Take the records below and set down exactly the lines from the one with "Legitimists relied not" to the one with "1) 材質:UPVC,CPVC,PPH,PVDF", ends included; do not copy the pictures.

BEGIN GIVEN RECORDS

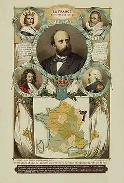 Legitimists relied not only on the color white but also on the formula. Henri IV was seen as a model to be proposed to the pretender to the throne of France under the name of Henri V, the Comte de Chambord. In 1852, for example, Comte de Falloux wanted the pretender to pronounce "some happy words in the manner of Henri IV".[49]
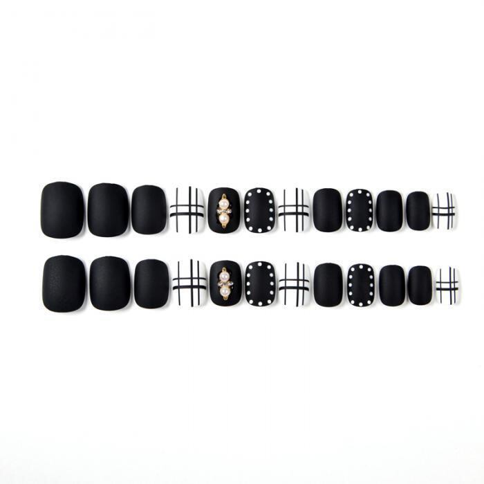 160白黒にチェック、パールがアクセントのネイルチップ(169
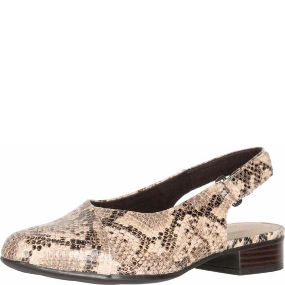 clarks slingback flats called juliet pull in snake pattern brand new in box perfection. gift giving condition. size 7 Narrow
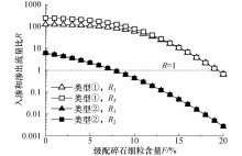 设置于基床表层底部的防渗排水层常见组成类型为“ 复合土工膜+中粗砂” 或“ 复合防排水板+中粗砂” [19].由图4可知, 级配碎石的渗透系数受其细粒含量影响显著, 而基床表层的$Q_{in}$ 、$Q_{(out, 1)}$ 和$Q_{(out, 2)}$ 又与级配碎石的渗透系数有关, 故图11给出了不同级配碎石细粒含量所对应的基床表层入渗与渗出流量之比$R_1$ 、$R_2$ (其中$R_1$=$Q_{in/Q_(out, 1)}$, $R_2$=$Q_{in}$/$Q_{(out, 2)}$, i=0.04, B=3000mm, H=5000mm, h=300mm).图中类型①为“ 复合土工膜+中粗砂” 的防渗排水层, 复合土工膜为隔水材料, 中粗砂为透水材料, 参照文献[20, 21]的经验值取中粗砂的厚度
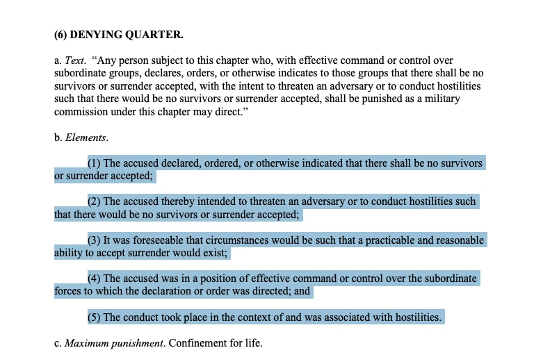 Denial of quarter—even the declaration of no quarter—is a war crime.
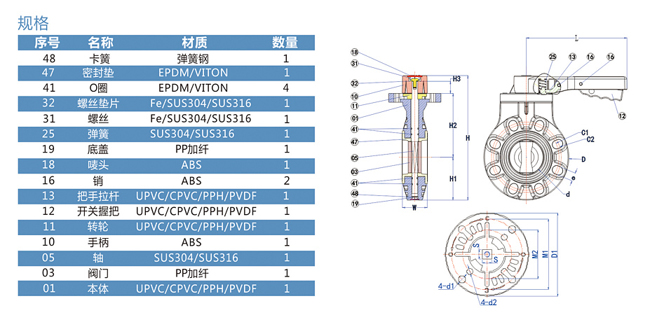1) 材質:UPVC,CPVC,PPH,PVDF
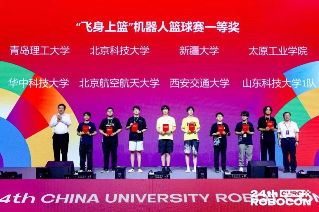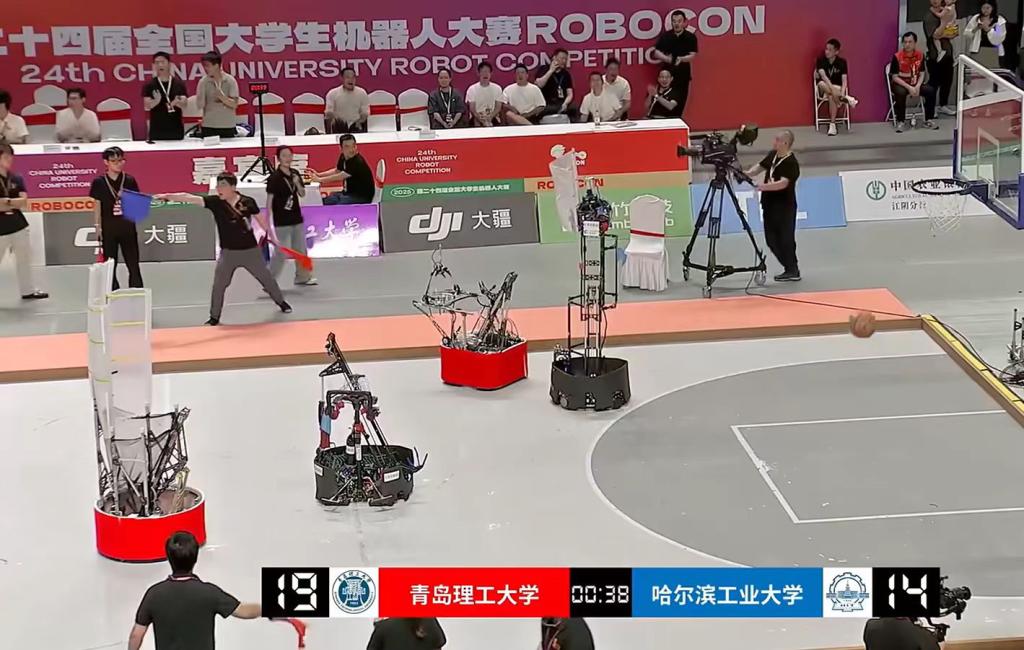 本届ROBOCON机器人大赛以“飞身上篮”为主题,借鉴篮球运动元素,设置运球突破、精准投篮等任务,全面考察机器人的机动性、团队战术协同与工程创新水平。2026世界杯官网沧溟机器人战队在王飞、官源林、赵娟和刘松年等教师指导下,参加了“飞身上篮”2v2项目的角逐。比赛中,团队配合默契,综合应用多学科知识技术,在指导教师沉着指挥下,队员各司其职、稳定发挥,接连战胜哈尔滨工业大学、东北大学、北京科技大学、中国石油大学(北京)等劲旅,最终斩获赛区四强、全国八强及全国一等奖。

END GIVEN RECORDS
BEGIN GIVEN RECORDS

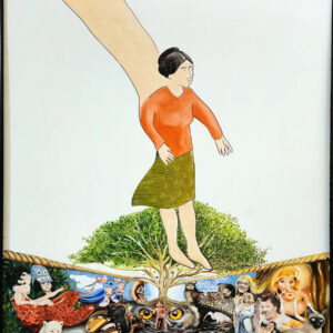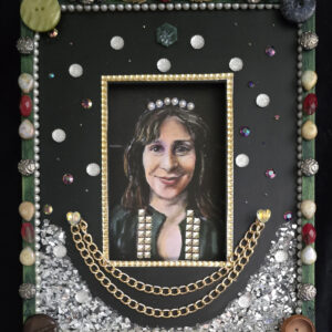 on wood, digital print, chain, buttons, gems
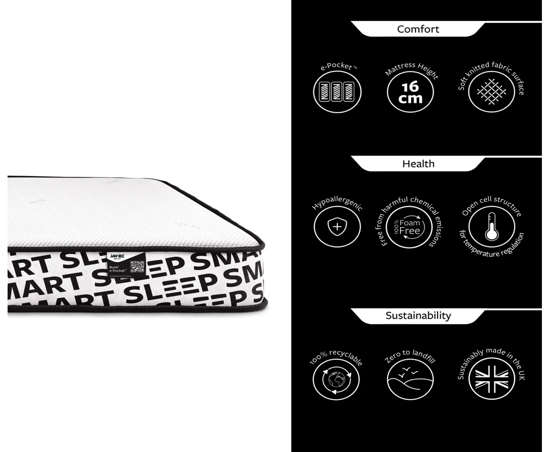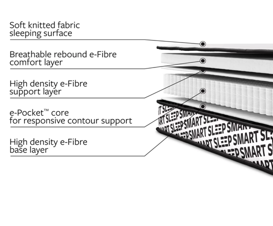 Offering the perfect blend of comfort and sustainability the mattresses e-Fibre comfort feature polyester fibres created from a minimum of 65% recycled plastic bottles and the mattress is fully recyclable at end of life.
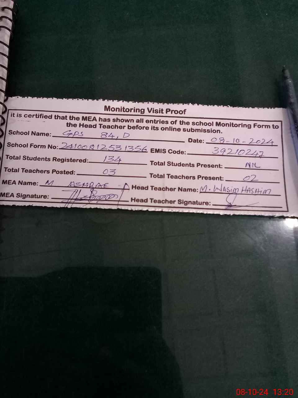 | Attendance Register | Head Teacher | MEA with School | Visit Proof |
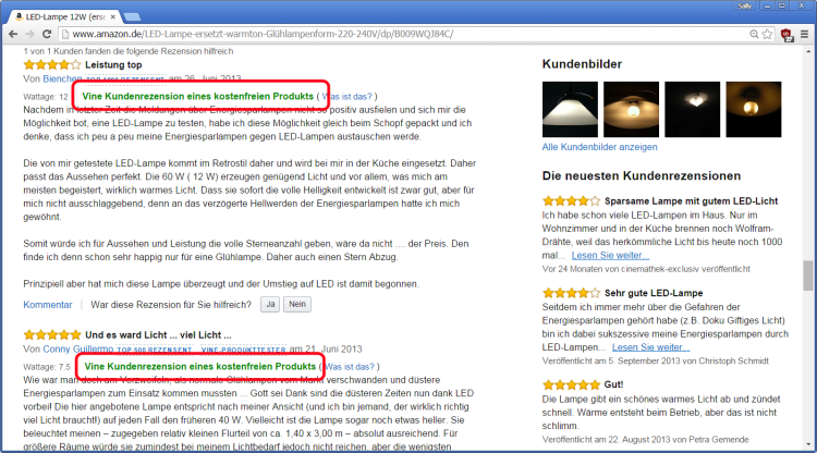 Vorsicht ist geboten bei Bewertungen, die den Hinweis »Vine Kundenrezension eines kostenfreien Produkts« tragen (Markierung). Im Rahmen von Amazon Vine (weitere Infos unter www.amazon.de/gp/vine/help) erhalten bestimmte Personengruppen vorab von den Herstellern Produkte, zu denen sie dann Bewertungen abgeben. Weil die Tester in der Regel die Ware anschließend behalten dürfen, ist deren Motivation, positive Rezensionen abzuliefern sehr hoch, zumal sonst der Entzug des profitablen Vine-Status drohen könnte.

END GIVEN RECORDS

▸ THE COMPLETED TASK
 Legitimists relied not only on the color white but also on the formula. Henri IV was seen as a model to be proposed to the pretender to the throne of France under the name of Henri V, the Comte de Chambord. In 1852, for example, Comte de Falloux wanted the pretender to pronounce "some happy words in the manner of Henri IV".[49]
 160白黒にチェック、パールがアクセントのネイルチップ(169
 clarks slingback flats called juliet pull in snake pattern brand new in box perfection. gift giving condition. size 7 Narrow
 设置于基床表层底部的防渗排水层常见组成类型为“ 复合土工膜+中粗砂” 或“ 复合防排水板+中粗砂” [19].由图4可知, 级配碎石的渗透系数受其细粒含量影响显著, 而基床表层的$Q_{in}$ 、$Q_{(out, 1)}$ 和$Q_{(out, 2)}$ 又与级配碎石的渗透系数有关, 故图11给出了不同级配碎石细粒含量所对应的基床表层入渗与渗出流量之比$R_1$ 、$R_2$ (其中$R_1$=$Q_{in/Q_(out, 1)}$, $R_2$=$Q_{in}$/$Q_{(out, 2)}$, i=0.04, B=3000mm, H=5000mm, h=300mm).图中类型①为“ 复合土工膜+中粗砂” 的防渗排水层, 复合土工膜为隔水材料, 中粗砂为透水材料, 参照文献[20, 21]的经验值取中粗砂的厚度
 Denial of quarter—even the declaration of no quarter—is a war crime.
1) 材質:UPVC,CPVC,PPH,PVDF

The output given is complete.